The Board of Governors of the Federal Reserve System is requesting comment on its proposal to repeal its Regulation AA, which for nearly 30 years has prohibited banks from engaging in specified unfair and deceptive credit practices.

In the Federal Trade Commission Act (the FTC Act), Congress directed the Federal Trade Commission (FTC) and the Federal Reserve Board to promulgate rules to define and prevent unfair and deceptive acts and practices. The Federal Reserve Board's rulemaking authority under the FTC Act was limited to banks. Pursuant to this authority, the Federal Reserve Board adopted Regulation AA in 1985, closely following the FTC's rule adopted a year earlier.

Regulation AA had prohibited banks from obtaining or using:

  • Cognovits and advance confessions of judgment;
  • Waivers of state law exemptions of property (other than collateral for a loan) from attachment;
  • Most assignments of consumers' wages; and
  • Non-possessory security interests in household goods, other than purchase-money security interests.
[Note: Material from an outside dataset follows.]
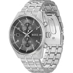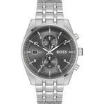 The Hugo Boss Skytraveller Gray Dial Steel Watch 1514151 combines a contemporary gray dial with a polished stainless steel strap, offering a timeless yet modern aesthetic.
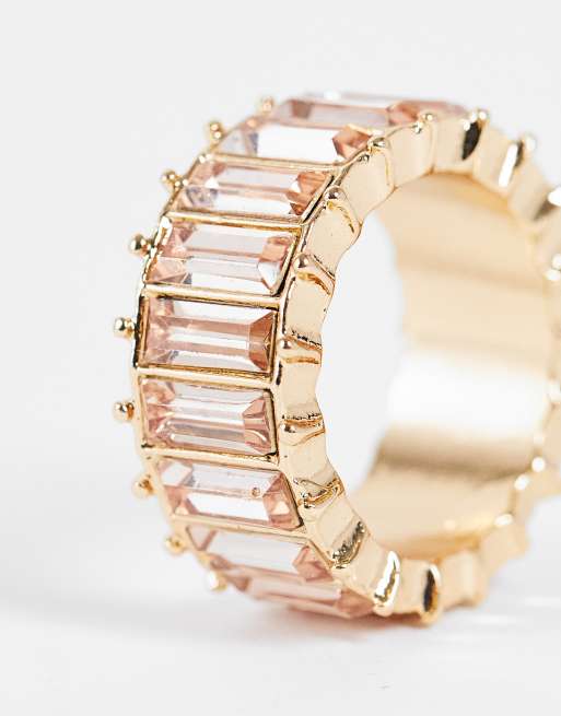 ASOS DESIGN Bague avec pierres roses taille baguette Dor ASOS

In addition, Regulation AA prohibited banks from:

  • Misrepresenting the nature or extent of liability of co-signers;
  • Obtaining a co-signer unless certain disclosures were made; and
  • Imposing a late payment fee when the only delinquency is attributable to the failure to pay late payment fees on earlier installments (i.e., "pyramiding" of late charges).

Why is the Federal Reserve Board getting out of the business of regulating such practices? The answer lies in the Dodd-Frank Consumer Financial Protection Act of 2010 (the Dodd-Frank Act).

Deep in the 800+ pages of the Dodd-Frank Act, Congress repealed the FTC Act's provision which had given the Federal Reserve Board its rulemaking authority (though the Federal Reserve Board retains its supervisory and enforcement authority with respect to unfair and deceptive acts and practices). Moreover, the Dodd-Frank Act did not include the FTC Act among the enumerated "Federal consumer financial laws" for which rulemaking authority transferred to the Consumer Financial Protection Bureau (the Bureau). Consequently, Regulation AA lost its legal underpinnings.

As a practical matter, the repeal of Regulation AA is very unlikely to have any effect on banks' contract provisions and business practices. The Dodd-Frank Act gave the Bureau broad authority to regulate and prosecute "unfair, deceptive and abusive" acts and practices (UDAAP). Also, the Federal Reserve Board, the Bureau, the Federal Deposit Insurance Corporation, the National Credit Union Administration and the Office of Comptroller of the Currency will be issuing interagency guidance stating that the activities prohibited by former Regulation AA could violate the Dodd-Frank Act's prohibition of UDAAP.